Beethoven is a 1994  American Saturday morning cartoon television series loosely based on the 1992 motion picture of the same name.  The series was produced by Northern Lights Entertainment and Universal Cartoon Studios, and aired for one season on Kideo TV, with 13 episodes with two 10 minute segments produced. Dean Jones, who played Dr. Varnick in the film, voiced the role of George Newton; Nicholle Tom, who played teenage daughter Ryce in the film and Beethoven's 2nd, was the only cast member from the films to reprise her role in the series.

Premise
The Newton family love Beethoven, their St. Bernard dog. But the father, George, has his moments with Beethoven, who gets in different mishaps time after time. When not with the Newton family, Beethoven spends time with three other dogs, Sparky (the stray from the first film), Ginger, and Caesar.

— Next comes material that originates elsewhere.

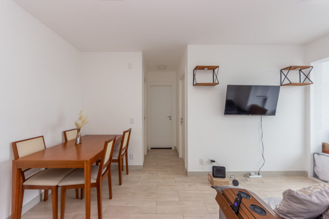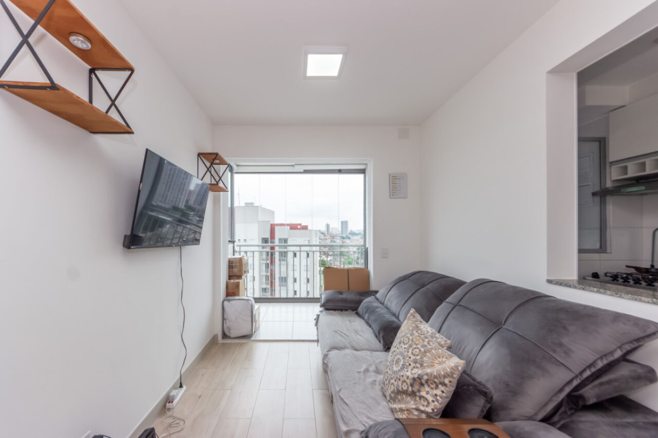 Sala ampla e aconchegante com sacada e fechadura eletrônica, cozinha planejada e 100% montada, banheiro com planejados, lavanderia grande e funcional, sacada ampla, perfeita para reunir amigos e família e vaga de garagem para 1 carro.

Unlike the film, Beethoven has a speaking voice, at least among the other animals. The same plot was used in another animated series, Free Willy, where the main character also could talk.

Cast

Dean Jones as George Newton
J.D. Daniels as Ted Newton
Bill Fagerbakke as Caesar the Great Dane
Brian George as Mr. Huggs
Tress MacNeille as Ginger the Collie
Joel Murray as Beethoven
Joe Pantoliano as Sparky the Jack Russel Terrier
Francesca Marie Smith as Emily Newton
Kath Soucie as Alice Newton
Nicholle Tom as Ryce Newton
Maurice LaMarche as Doberman

Additional voices

 René Auberjonois
 Hank Azaria as Killer the Poodle
 Gregg Berger as Mailman
 Mark Campbell
 Dan Castellaneta as Blind Shep (in "Scent of a Mutt")
 Christine Cavanaugh as Rosebud (in "Cyrano de Beethoven")
 Brian Cummings
 E.G. Daily as Peanut (in "Puppy Time")
 Stephen DeStefano
 Paul Dooley
 David Doyle as Blind Shep (episode "The Mighty Cone-Dog")
 Jess Harnell as Singing Donut (in "The Big One")
 Bill Henderson
 Dana Hill as Timmy (in "The Kindergarten Caper")
 Tony Jay as Watson (in "Scent of a Mutt")
 Scott Menville
 Art Metrano
 Tim Neil
 John Schuck
 Pamela Segall 
 Justin Shenkarow as Roger (in "Mr. Huggs Wild Ride")

Crew
 Paul Germain - Producer, Story Editor and Voice Director

Episodes

Home release
Universal and Goodtimes released episodes of the show on VHS. In July 2020, the series became available on the Peacock streaming service.

References

External links

1994 American television series debuts
1994 American television series endings
1990s American animated television series
American children's animated adventure television series
American children's animated comedy television series
American children's animated fantasy television series
Animated television series about dogs
CBS original programming
English-language television shows
Animated television shows based on films
Television series by Universal Animation Studios
Beethoven (franchise)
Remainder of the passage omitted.